Technology adoption is therefore not only integral to business growth, but also changes the way customers transact with you and is therefore much more than a technology project – it’s a transformation of the entire business. “It’s imperative to lay the foundations correctly so that the technology systems support the business and its changing needs in different market conditions,” says Samuel.
Automating that bottom 20 per cent of tasks is not as difficult as you might think. Reid says that companies need to start experimenting by dipping their toe in the water. They certainly don’t need to worry about inventing new technology. Uber is simply the sum of a Google Maps interface, PayPal, custom code, good design and some clever marketing. Its success lies in delivering a great experience for its customers.
Reid warns: “Sharing and automated services are not a fad; they’re not going away. Everyone’s challenge and opportunity is to think about how they can meet the unmet needs of their customers in as creative a way as possible. You don’t need to develop new technology – the technology already exists.
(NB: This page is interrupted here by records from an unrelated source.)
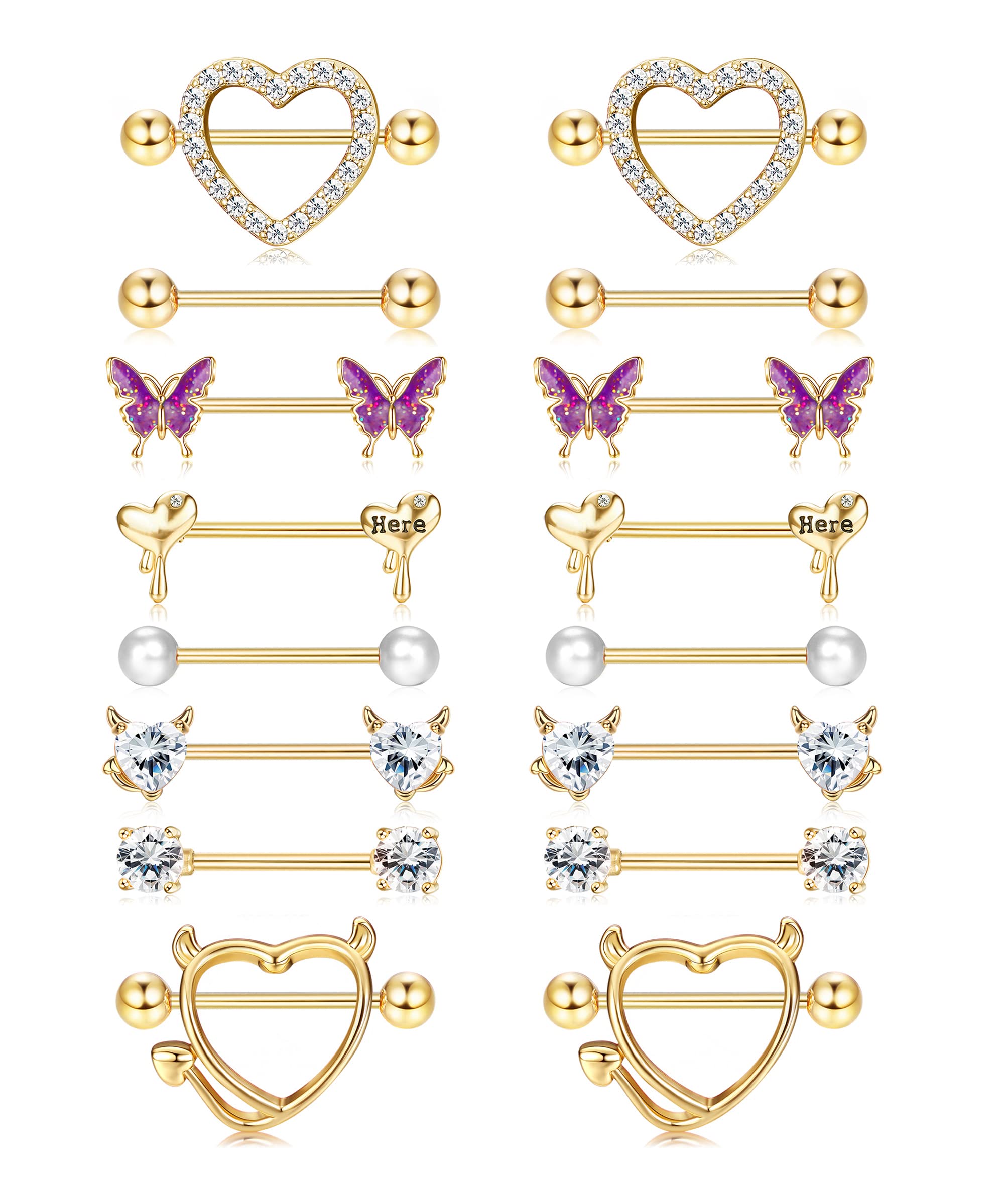 Juego de 8 pares de anillos para pezón de 14 G para mujer, acero inoxidable con circonita cúbica, engarzado, con diseño de mariposa, diseño de corazón, pezón, joyería de 16 mm, 5/8 pulgadas
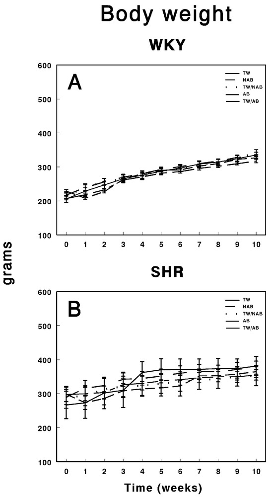 Body weight of (A) Wistar–Kyoto rats (WKY) and (B) spontaneously hypertensive rats (SHRs). Experimental groups included animals provided with tap water (TW), alcohol-free beer (NAB), tap water or alcohol-free beer at their discretion (TW/NAB), alcoholic beer (AB), or tap water and alcoholic beer at their discretion (TW/AB). Results are expressed in grams as mean body weight ± SEM (n = 8).
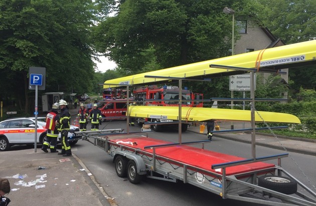 Am 11.05.2018 wurde die Feuerwehr Essen um 14:26 Uhr zu einem Verkehrsunfall mit einer eingeklemmten Person alarmiert. Beim Eintreffen der ersten Einsatzkräfte wurde festgestellt, dass eine männliche Person auf der Strasse lag und zwischen den beiden Achsen eines Tandembootanhängers eingeklemmt war. Die Person war auf Höhe des Brustkorbs von der ersten Achse des Anhängers überrollt worden. Der ansprechbare Patient wurde durch den Rettungsdienst und den anwesenden Notarzt medizinisch versorgt. In Absprache mit dem Rettungsdienst wurde eine technische Rettung durch die Kräfte der Feuerwehr vorbereitet. Nach dem der Patient medizinisch stabilisiert war, wurde er unter Einsatz von Lufthebekissen unter dem Anhänger befreit. Zur weiteren Behandlung wurde der Patient ins Uniklinikum Essen transportiert. Die Einsatzkräfte wurden durch Kollegen der DLRG unterstützt die sich zufällig am Unfallort aufhielten. Die Feuerwehr war mit 26 Einsatzkräften vor Ort.(OBR)
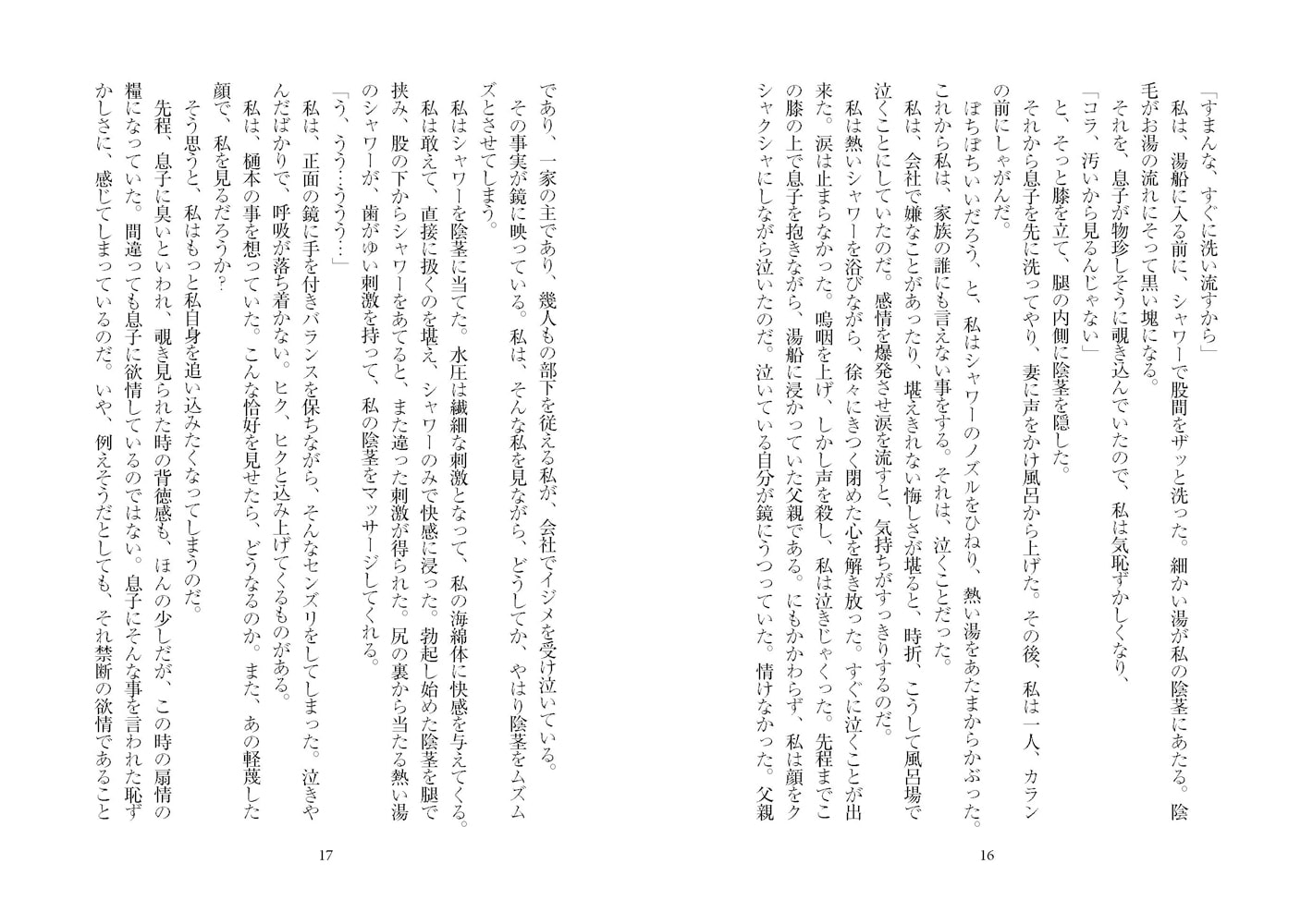 私は、立ち上がる。ベルトに手をかけ、スラックスをぬぎはじめる。(本文より)」
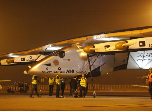 Está ocurriendo. Un avión propulsado únicamente por energía solar le da, en este momento, la vuelta al mundo
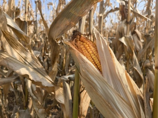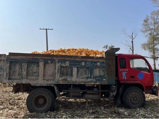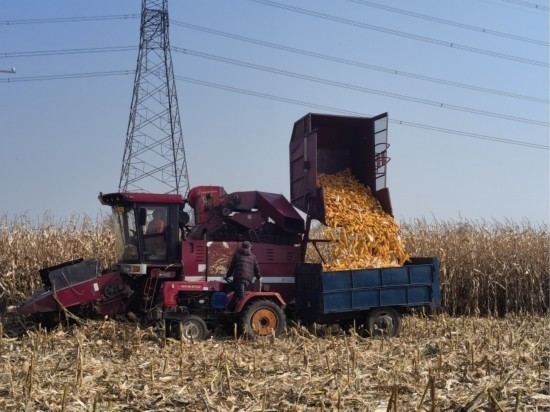 在長春市農安縣楊樹林鄉偏坡子村,伴隨著農機的陣陣轟鳴聲,近三米高的玉米秸稈被粉碎,一顆顆玉米被剝離運輸,運向不遠處的烘干塔。
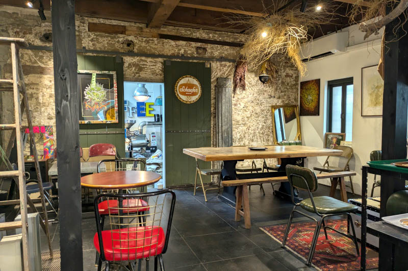 The charmingly furnished cafe area in back is quite comfortable, though depending on where you sit it can be noisy when there are multiple sources of music playing at the same time. There are also a couple of seats out in front of the shop.
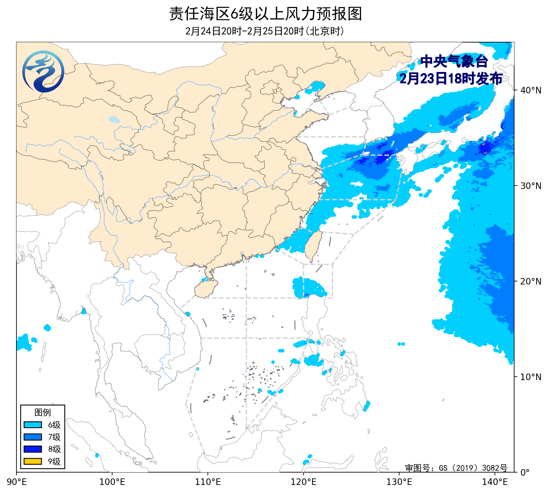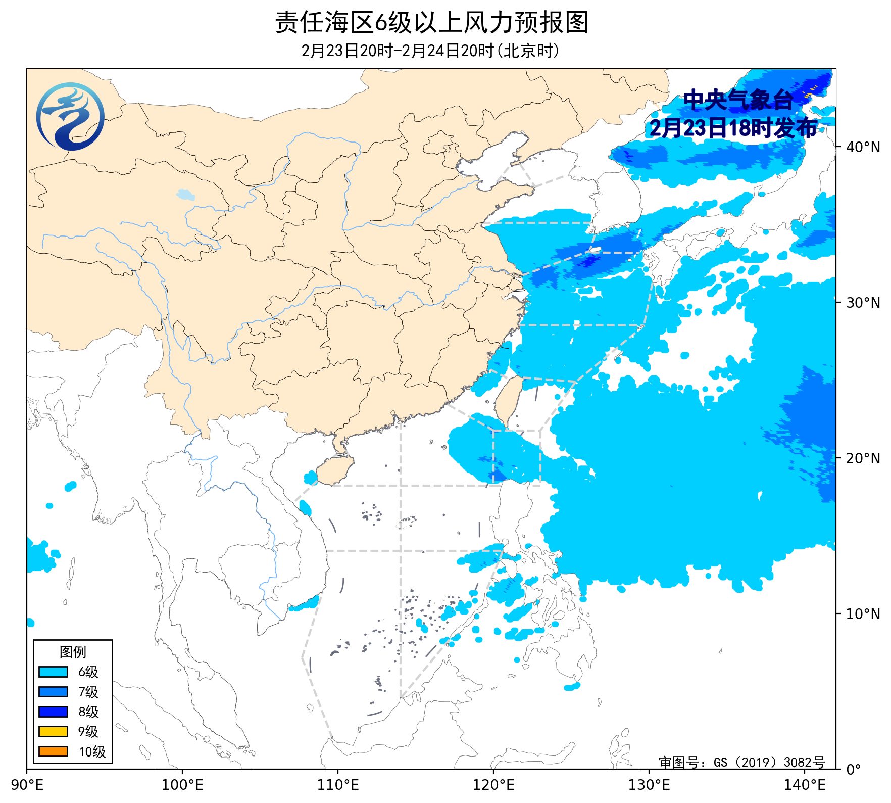 2月23日02时至14时,东海大部海域、南海东北部海域出现了6~7级、阵风8级的大风,其中东海西北部的部分海域出现8级、阵风9级的东北风。
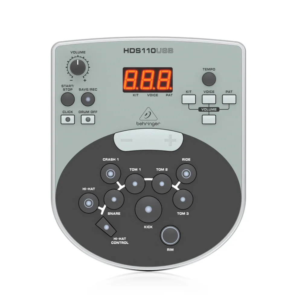 - Includes: – HDS110USB sound module – Kick pedal, pad and stand – 1 x 8? dual-zone snare pad – 3 x 8? single-zone pads – 3 x 12? cymbals – Hi-hat trigger pedal – Drum rack with mounting hardware – Multi-pin breakout cable for easy setup – Pair of drumsticks – Drum tool – Quick start guide and assembly instructions

Sharing economy services that do well are those that put customer needs and the customer experience at the forefront of their offering.”
For the leaders of dynamic businesses, the message is clear: your clients and customers want – indeed, they even expect – the flexibility offered by modern methods of product and service delivery. And they are willing to sacrifice some security for lower costs and increased customisation. But there is a limit. Efforts to automate should not be all about bottom-line growth. You need to put the consumer at the heart of any decision or they will take their business to someone who will.